Андрей Ветер. Голос бездны
Ой вези ж мене iз дому,
Де багацько грому, грому…
Выстрелы
– Чего там… – начал было говорить человек, лежавший шагах в десяти от Потанина.
– Цыц! – едва слышно отозвался Потанин.
Потанин был мужик пятидесяти лет, плечистый, седовласый не по годам, с хитринкой в глазах, любитель посмеяться и потравить анекдоты в кругу семьи. Но сейчас, когда он лежал в засаде, в нём не осталось и намёка на человека, который умеет веселиться. Он сделался похож на дикого лесного зверя, блестящие глаза сощурились, нос заострился и будто вытянулся вперёд, вбирая в себя все запахи пробуждавшейся тайги, губы изредка подёргивались, словно Потанин хотел оскалиться по-звериному но всякий раз осаживал себя. На его небритом лице сидели комары, но человек не обращал на них внимания, словно их вовсе не существовало. Его глаза остро всматривались в тропинку, убегавшую круто вниз.

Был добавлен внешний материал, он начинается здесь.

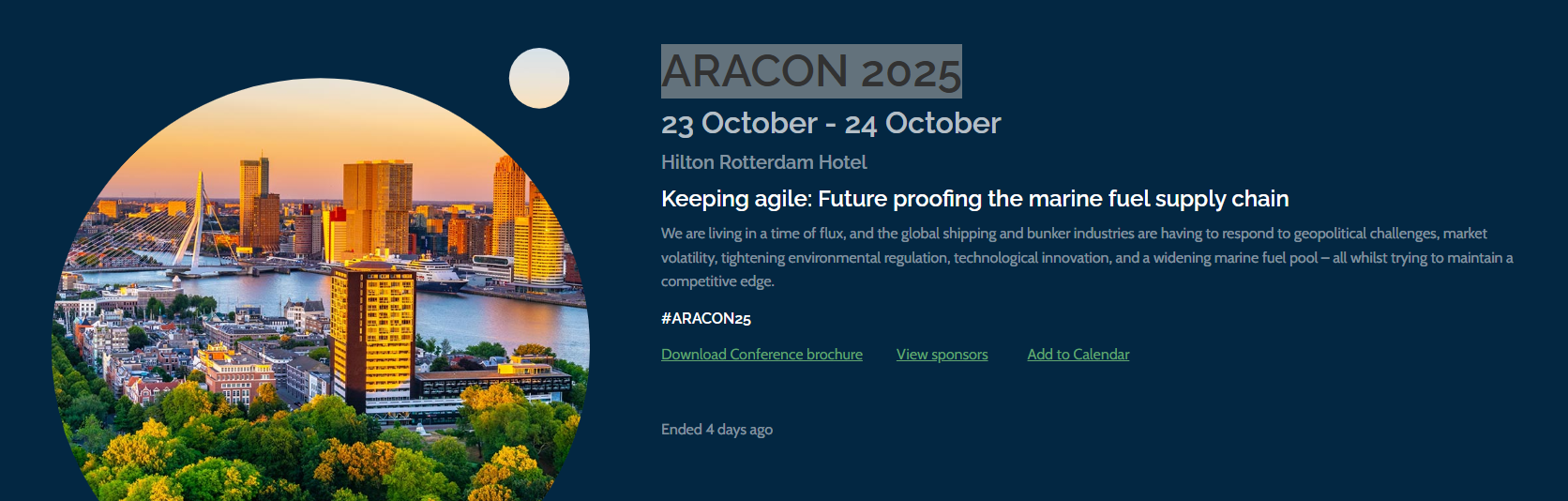 The ARACON 2025 conference will be held 23–24 October 2025 at the Hilton Rotterdam Hotel in the Netherlands Under the theme “Keeping agile: Future proofing the marine fuel supply chain”, the event brings together leading voices in the marine fuels and bunkering industry to explore how players can adapt to regulatory shifts, market volatility, and […]

Месяцев пять Потанин старался взять братьев Коршуновых, промышлявших браконьерством. Забитым ими оленям и лосям не было числа. Коршуновы славились своим неуёмным нравом, наглостью, жестокостью и хитростью. Ходили слухи, что на их счету были не только звери, но и несколько человеческих жизней, так как в пылу пьяных ссор они многим угрожали расправой. «Вот, мать твою, попадись ты нам на тропе, ужо по-другому поговорим!» Три человека, которым угрожали Коршуновы, исчезли вскоре после ссоры, но никаких доказательств, что они убиты, не было. Тайга огромна, в ней многие теряются легко.
И вот Потанин вычислил Коршуновых. Егерь он был опытный, места знал хорошо. А тут милиция схватила беглого уголовника по кличке «Медуха», который поддерживал с Коршуновыми тесные отношения, и Медуха вскоре рассказал, где следовало искать знаменитых браконьеров.
Теперь Потанин и два милиционера лежали в засаде.
Коршуновы появились внезапно, словно из-под земли. Когда до них оставалось не более десяти шагов, Иван Потанин резко встал и крикнул:
– Павел! Бросай ружьё!
– Ванька! – вырвался у ближайшего из братьев Коршуновых возглас удивления. – Ах язва!
Коршунов увидел направленную на него винтовку и дёрнулся в сторону с тропы, на ходу срывая с плеча двустволку. Он выстрелил почти не глядя, но за белёсым облаком дыма, заполонившего пространство, увидел, что Потанин качнулся и отступил.
– Стой, сука! – закричал чей-то голос из чащи.
Коршунов выстрелил ещё раз, теперь уже подняв ружьё выше, чтобы картечь ударила по кустам, откуда донёсся голос, и сразу же покатился по склону горы, громко шелестя листвой. Чуть в стороне вниз мчался Матвей Коршунов.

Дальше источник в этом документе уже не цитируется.